Data mining used to improve disaster response

By JOEL PALLY | April 3, 2014

Citizens of the rural town of Oso, Wash. were greeted by tragedy on Mar. 23 as a waterlogged hillside gave way and unleashed a tsunami-like wave of earth, destroying dozens of homes residing in the river valley below.

Chaos ensued, and now entire communities lie under layers of mud as rescue careers and community volunteers work desperately to free survivors. Up to this point in time, 18 bodies have been recovered and identified. Assuming there are no additional survivors, the presumed death toll is believed to be 28.

As search and rescue crews work fervently on the ground to recover what they can, crises data analysts are sifting through large amounts of heterogeneous data to identify who exactly is missing and who needs to be found. Initially, over 90 people were reported immediately after the incident, but that number has since dwindled down to 30. These initial overestimates are common, as available information in the aftermath of a tragedy — like the Oso mudslide — is limited.
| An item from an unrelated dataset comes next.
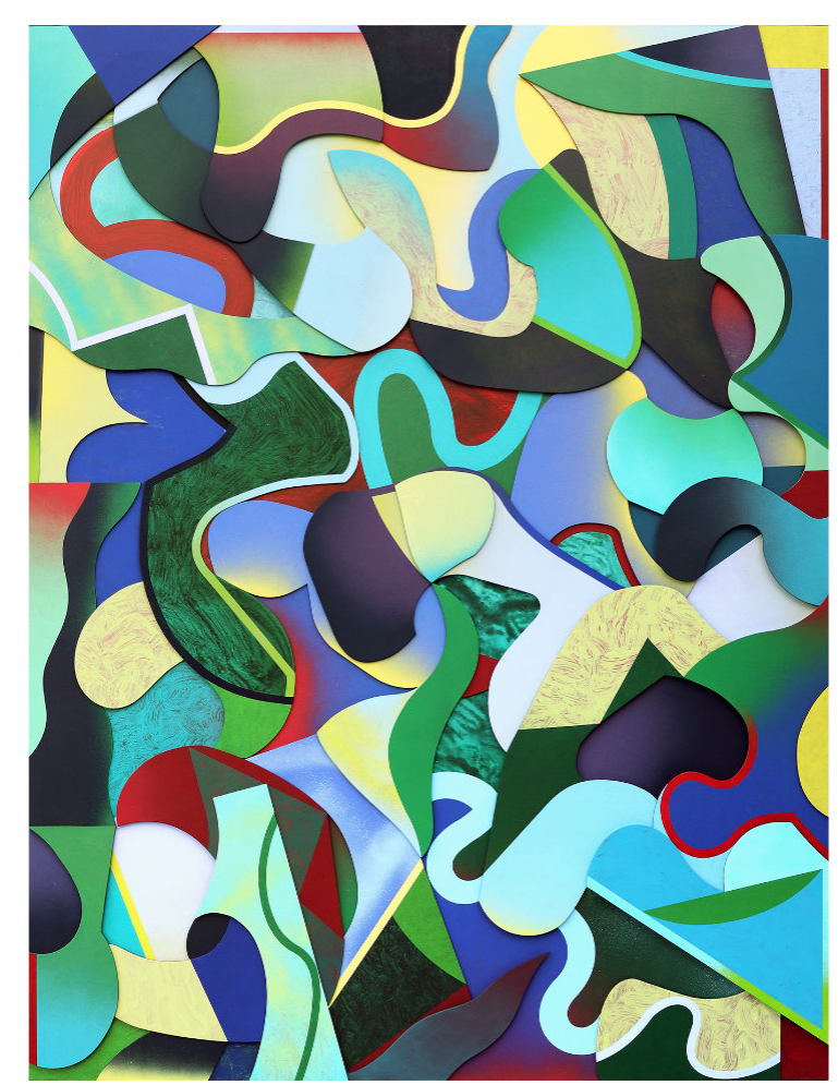
{\it Waters~Edge~2021} \\ {\it Acrylic~on~plywood~and~hardboard~panel,~122\times92~cm}

However, to assemble a more realistic picture of the event analysts must pull from a variety of data sources. Only then can accurate predictions of disaster situations, such as estimated persons missing, be made.

In a recent publication of the International Journal of Emergency Management, experts such as Adam Zagorecki of the Centre for Simulation and Analytics at Cranfield University UK point to the increasing abilities of data mining in the wake of natural disasters. Data mining is the process of pulling information from a variety of structured and unstructured data sources.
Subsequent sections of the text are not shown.